Individuals with eating disorders often have comorbid substance use disorders (SUDs); both are linked to excess mortality. Eating disorder and SUD types vary in lethality. New research has shown that patients with an eating disorder who abused alcohol, cannabis, hard drugs, or other combinations had a much higher risk of dying from any cause than those with eating disorders and no SUDs. Additionally, this data has shown that comprehensive assessment of SUDs in those with eating disorders is an early and vital step in improving treatment effectiveness. Members of the healthcare team play an integral role in screening and addressing both eating disorders and SUDs, which can ultimately improve outcomes and save lives.

Study Synopsis and Perspective

SUDs, particularly alcohol abuse, are linked to excess mortality in patients with eating disorders, new research shows.
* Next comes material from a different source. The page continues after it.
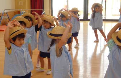 日々、「月夜のぽんちゃらりん」や「ドンパン節」を楽しんで踊っています。今日は広い遊戯室で踊りました。伸び伸びと体を動かし、「タヌキさん〜」「うしろうしろ〜」と踊りの振りを口ずさみながら踊っています。

The findings, led by Angelina Mellentin, PhD, from the University of Southern Denmark, Odense, showed that comorbid SUDs were tied to up to an 11-fold increased risk for death across all eating disorder types.

"Control subjects with SUDs also exhibited an elevated risk of all-cause mortality relative to control subjects without SUDs, although to a much lesser extent than eating disorder patients with SUDs," the researchers write.
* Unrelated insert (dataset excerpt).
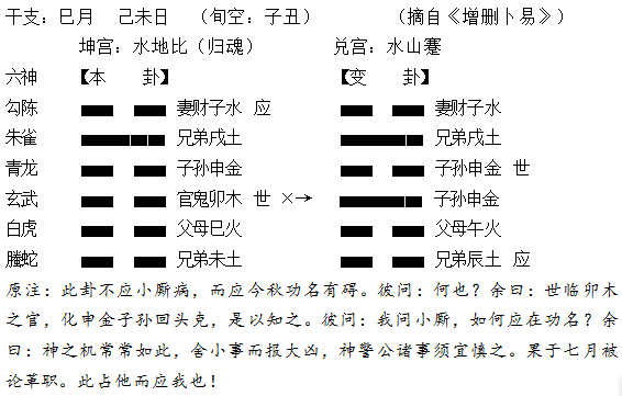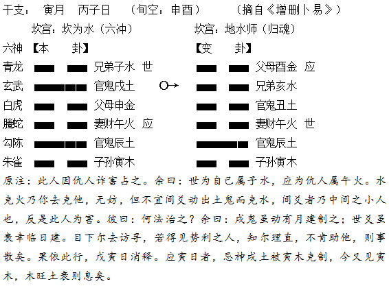 从原注描述中了解到,事主因为与某人结怨,怕被某人陷害而占卜。结果卦象显示,官鬼戌土发动克伤世爻子水,此事预期大凶。细节解剖就能发见,原来仇家正在怂恿某人暗地里策划谋害事主,对于这个不利的事件趋势,作者根据卦象信息,遂教导事主化解之策,建议他直接去找到这个准备加害他的某人,向他摊牌申明助敌的利害关系,事主立刻照办,结果某人受警告后知难而退了,卦象凶兆的未来就此被彻底瓦解。
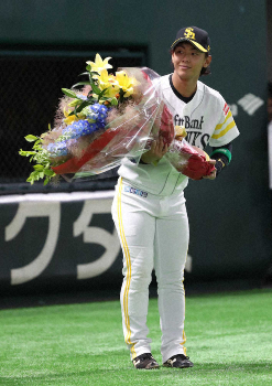 <ソ・中>通算1000試合を達成し花束を受け取る今宮(撮影・岡田 丈靖)

The study was published online January 1 in The American Journal of Psychiatry.

High Mortality

Eating disorders are associated with high mortality, but the contribution of comorbid SUDs is unclear.

Using Danish nationwide registers, the researchers analyzed data on 20,759 patients with eating disorders.

The cohort included 8108 patients with anorexia nervosa (AN), 5485 patients with bulimia nervosa (BN), and 7166 patients with unspecified eating disorder, as well as 83,036 matched controls without an eating disorder.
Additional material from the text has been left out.